* [What is needed] Repeat, line for line, only the span that opens at the "A stylish borosilicate" line and closes at the final line below. Skip the pictures.

(Collected data entries)

===

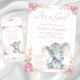 Petite fille éléphant invitation douche bébé avec adorable éléphant aquarelle avec de jolies fleurs roses sur la tête sur un joli arrière - plan rose floral. Ces invitations mignonnes à la douche bébé pour éléphant sont facilement customisées pour votre événement en ajoutant simplement vos détails.
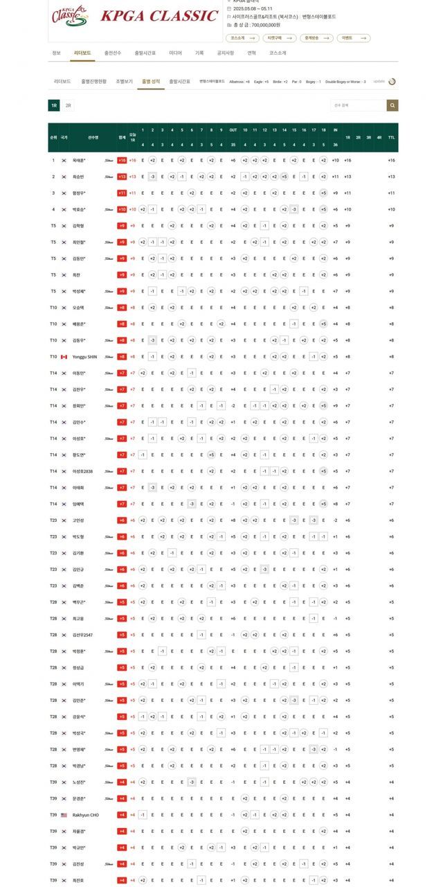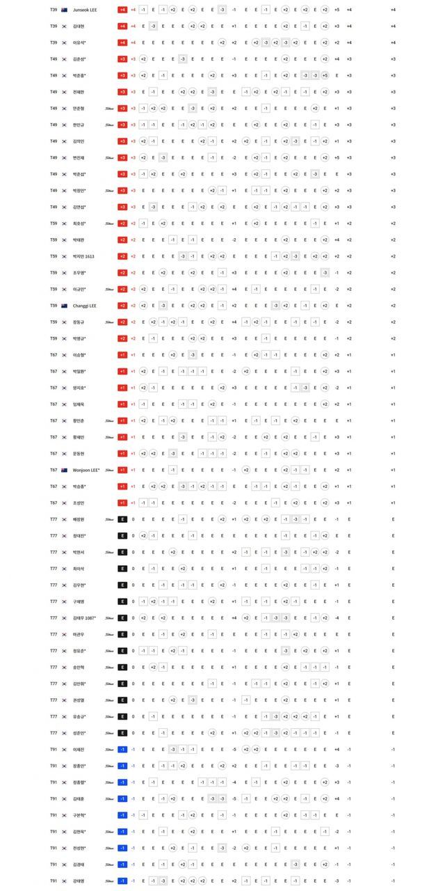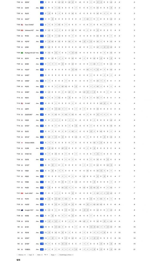 1.옥태훈 +16, 2.최승빈 +13, 3.함정우 +11, 4.박효승 +10, T5.김학형-최민철-김동민-최찬-박성제 +9, T10.오승택-배용준-김동우-신용구 +8, T14.이동민-김찬우-장희민-김민수-이성호-황도연-이성호2838-이태희-임예택 +7, T23.김민규-김기환-김백준 +6, T28.정상급-김민준-강윤석-박성국-박경남 +5, T39.문경준-조락현-차율겸-박규민-최진호-이준석-김대현 +4, T49.김준성-박준홍-전재한-변진재-박정민 +3, T59.최호성-박지민1613-조우영-이규민 +2, T67.양지호-임채욱-문동현-이원준 +1, T77.김우현-송민혁-김민휘-유송규 E, T91.김태훈-김현욱-전성현-김경태-강태영 -1, T100.정하밀-김상현-최승현-백석현 -2, T109.박상현 -3, T123.와다 쇼타로-전준형-이형준 -6, T138.현정협 -9.
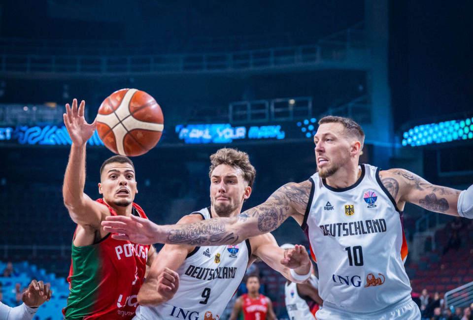 进入第四节比赛,施罗德上篮与两罚一中,罗接连命中两记三分,奥布斯特大号两分命中打停对手。泰斯暴扣,德国男篮已经打出13-0攻势,扩大65-51领先14分优势,威廉姆斯三分打破葡萄牙男篮得分荒。泰斯补篮得分,罗与特里斯坦-席尔瓦各中一记三分,邦加两罚一中扩大74-54领先优势。比赛已经提前失去胜负悬念,德国男篮借助末节攻防压制打崩对手,最终德国男篮大胜葡萄牙男篮晋级八强。
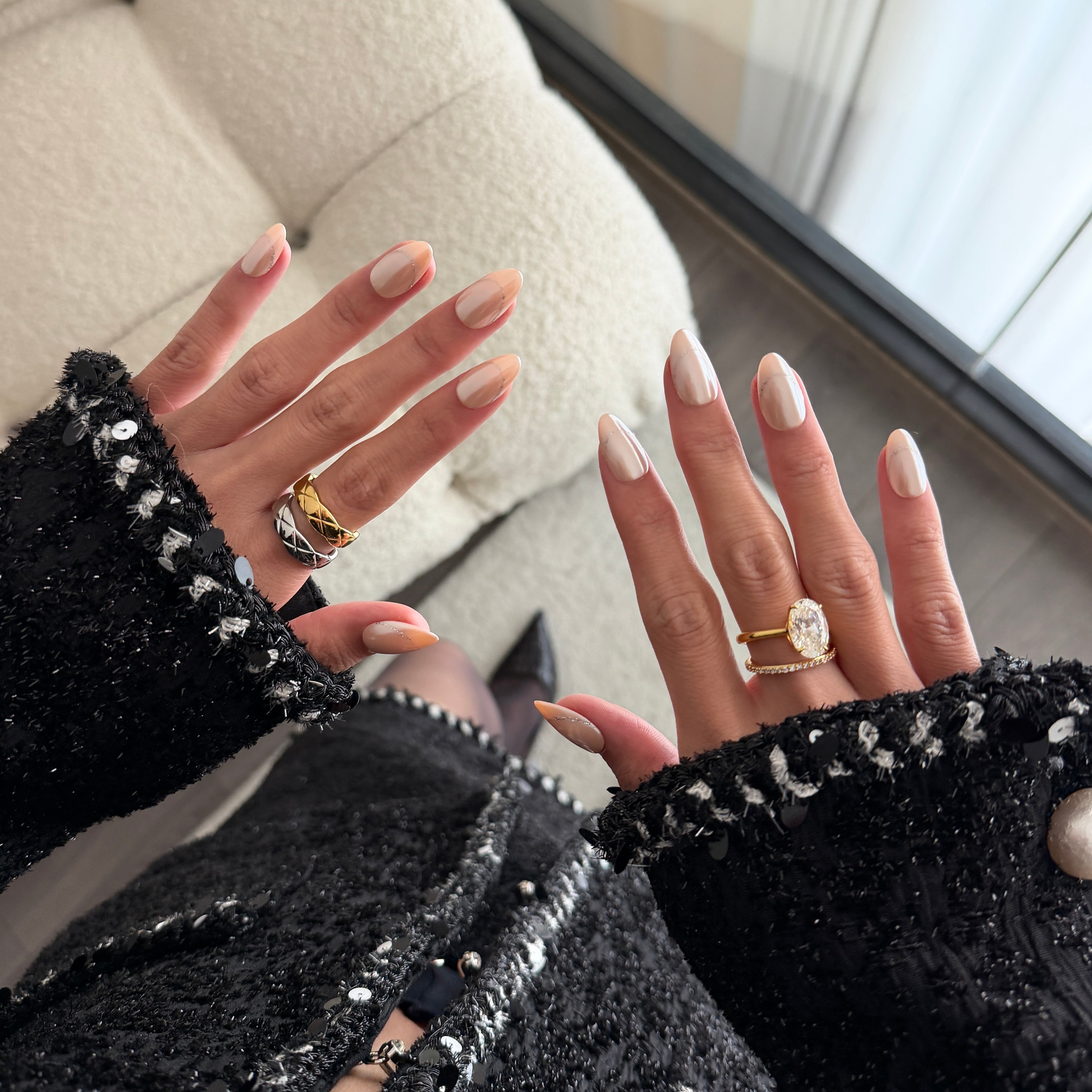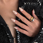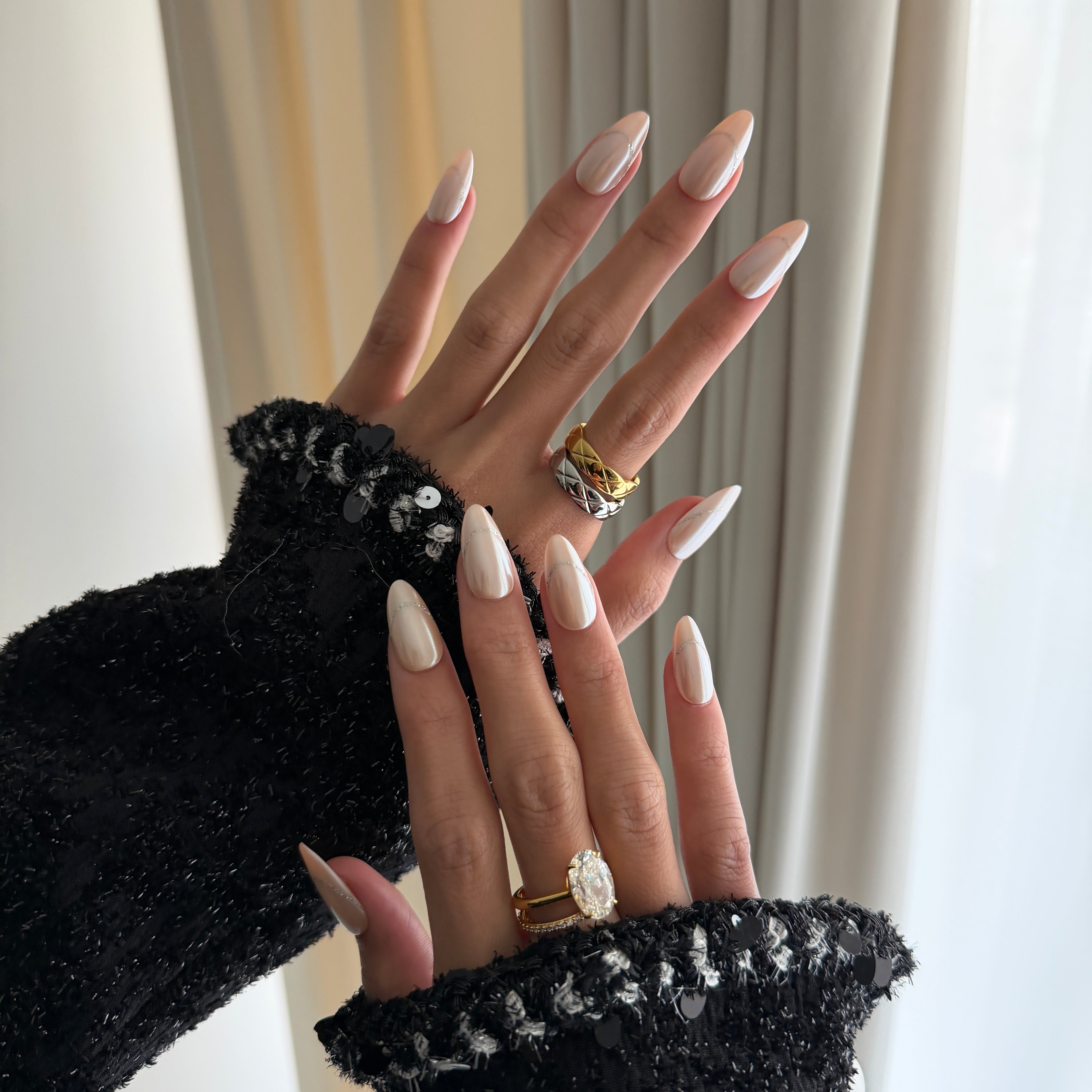 • Shape & silhouette: Elegant, elongated almond tips that visually slim the fingers and mirror the curve of a solitaire stone. The length is luxe but wearable, perfect for bridal, black-tie evenings, or everyday “quiet luxury.”
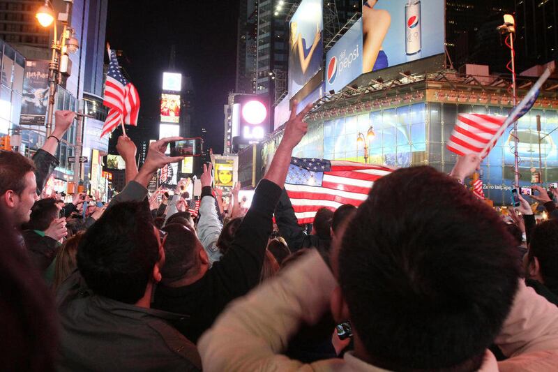 Spontaneous, celebratory rallies broke out in New York City at ground zero, where the World Trade Center towers fell on Sept. 11, 2001 and outside the White House where President Barack Obama announced bin Laden's slaying in a helicopter raid in Pakistan.
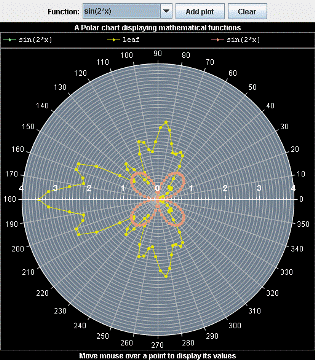 This sample shows how a polar chart can be used to display mathematical functions using the JViews Charts Faces component.
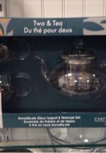 A stylish borosilicate glass teapot accompanied by matching teacups, perfect for tea lovers.
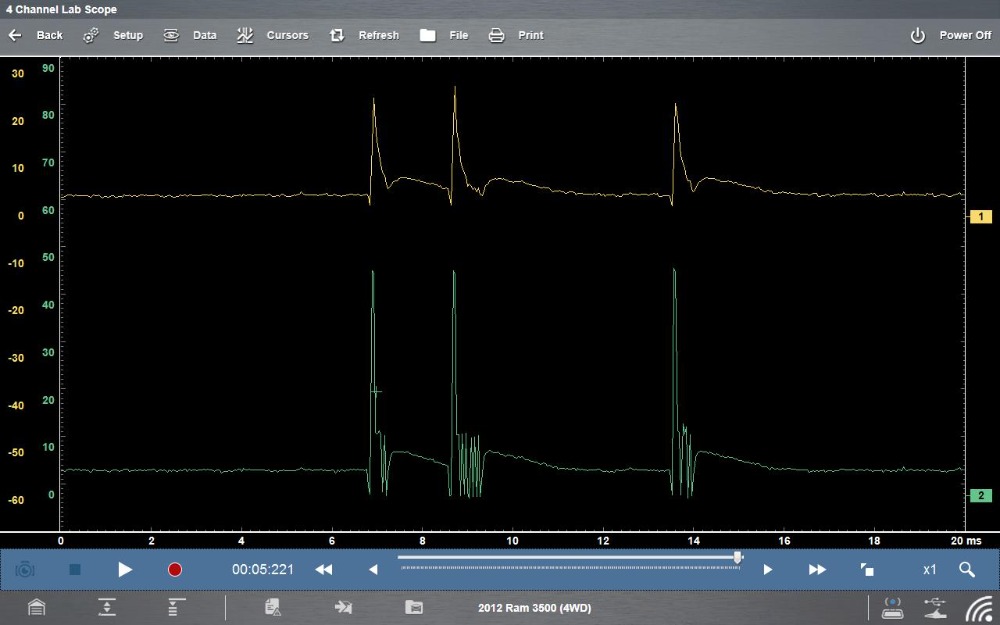 Just thought I would drop these waveforms I captured off a 2012 Ram w/6.7 cummins engine. Although not exactly the same, similar to gdi waveform. The one on the left is bad with no fuel being injected, and the one on the right is known good

===

* [Expected output]
 A stylish borosilicate glass teapot accompanied by matching teacups, perfect for tea lovers.
 Just thought I would drop these waveforms I captured off a 2012 Ram w/6.7 cummins engine. Although not exactly the same, similar to gdi waveform. The one on the left is bad with no fuel being injected, and the one on the right is known good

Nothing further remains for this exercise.